[SEMINAR] Generative AI in Software Engineering: Ongoing research and emerging issues
Speaker: Phuong Nguyen, Associate Professor
When: Wednesday, 19th November, 14:30-15:30
Where: Alan Turing Seminar Room
Abstract: The proliferation of disruptive large language models (LLMs) in recent years has enabled a plethora of applications across several domains. In software engineering (SE), LLMs have shown remarkable capability in understanding and generating software artifacts. In our research group, for instance, we have applied LLMs to multiple SE tasks, such as detecting malicious code and summarizing software documentation. Despite their promising performance, LLMs still face several challenges. Among them, hallucination remains a major concern, i.e., generated outputs may be erroneous or nonsensical, undermining the system’s reliability. Furthermore, as LLMs are increasingly relying on external sources such as retrieval-augmented generation (RAG) knowledge bases, they become more susceptible to adversarial attacks disguised in fine-tuning data.
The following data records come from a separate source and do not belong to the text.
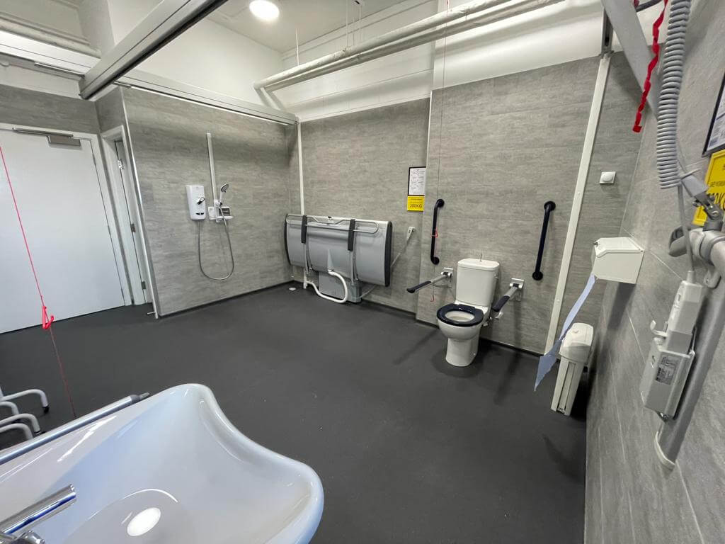 FACILITIES: Bench – Height Adjustable, Adult Sized, Free Standing | Hoist – Ceiling | Peninsular Toilet | Non-Slip Floor | Floor Space (sq. m) – 12 | Emergency Alarm | Paper Roll | Managed | Accessible Shower
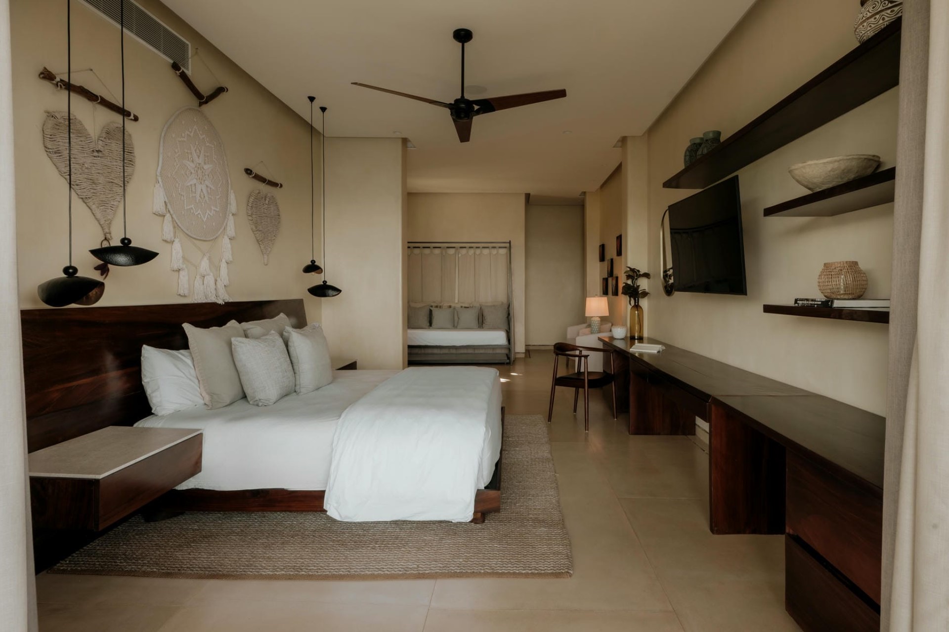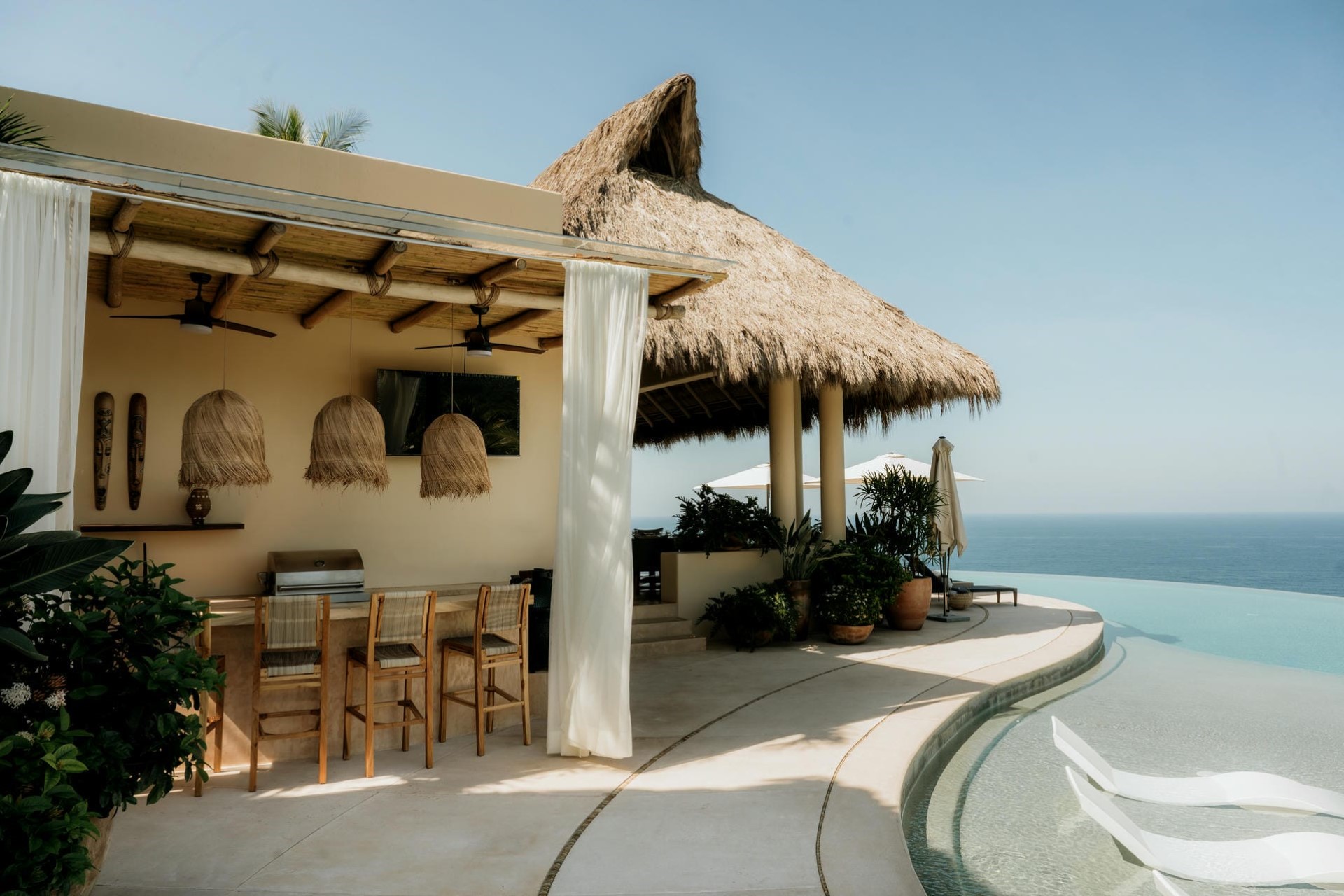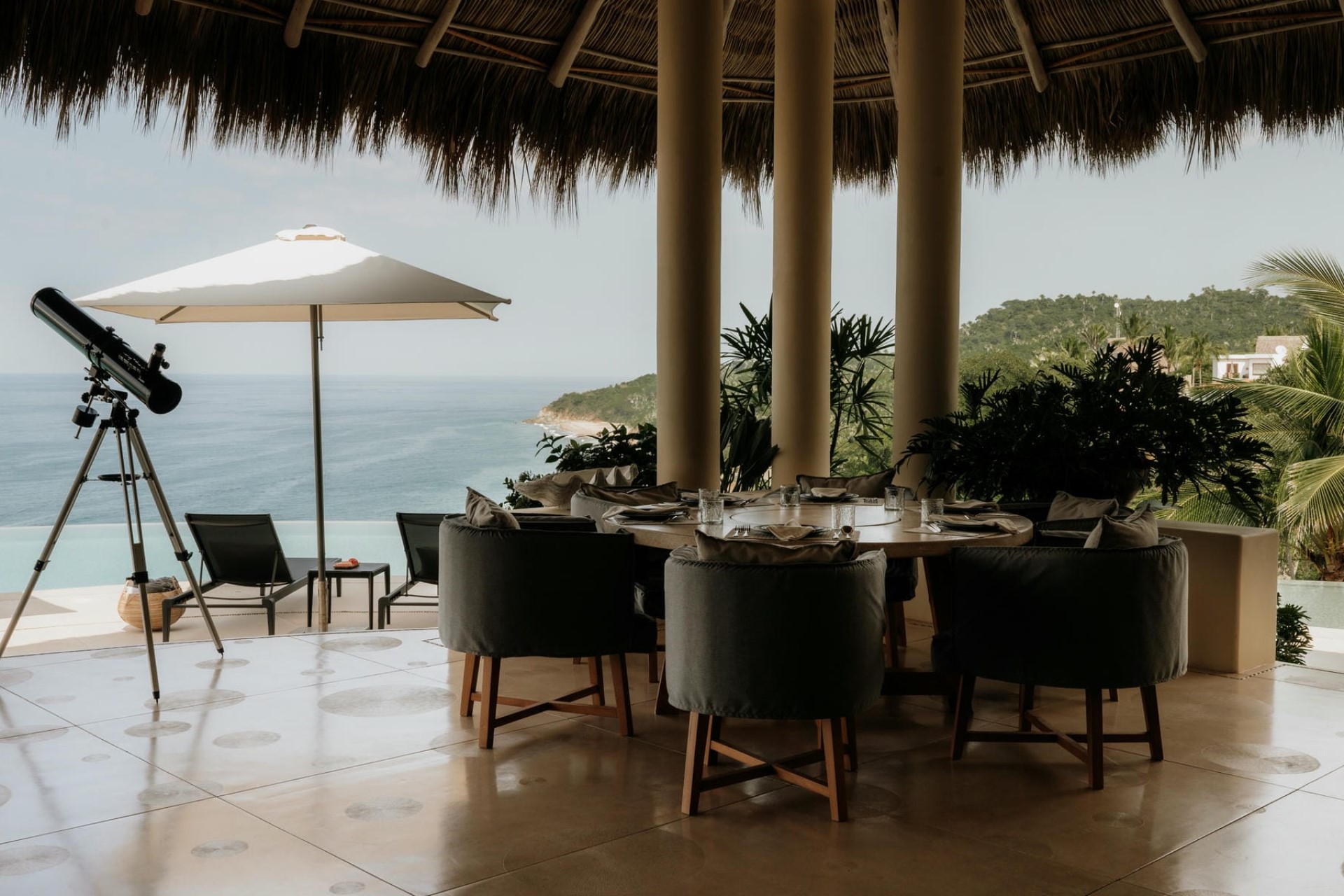 Designed by a renowned Mexican architect, the interiors blend sleek, contemporary lines with traditional elements and local materials. The use of natural stone, rich hardwoods, and vibrant textiles creates a warm and inviting atmosphere that complements the breathtaking views from every room. Large, open-air living spaces blur the line between indoor and outdoor living, allowing guests to feel the gentle ocean breeze and hear the rhythmic sound of the waves no matter where they are.
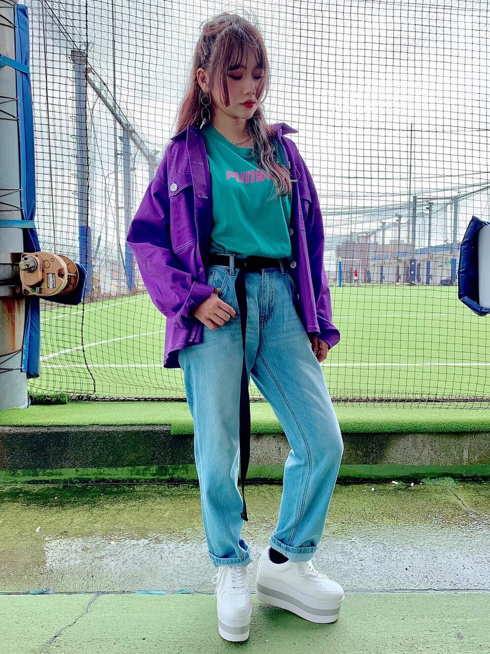 PUNYUS (PUNYUS)のTシャツ/カットソー「ロゴプリントTシャツ」を使ったコーディネート

Trained on vast datasets, including public code repositories and security databases, LLMs can effectively reproduce patterns from their pretraining data. While this exposure enhances model utility, it also introduces a critical risk: data memorization, i.e., the verbatim or near-verbatim reproduction of training examples during inference. Memorization in LLMs is not merely a theoretical issue; it poses concrete security and privacy risks. Therefore, it is crucial to investigate whether LLMs perform well on downstream tasks due to genuine generalization from data, or simply because they have been exposed to identical examples during training.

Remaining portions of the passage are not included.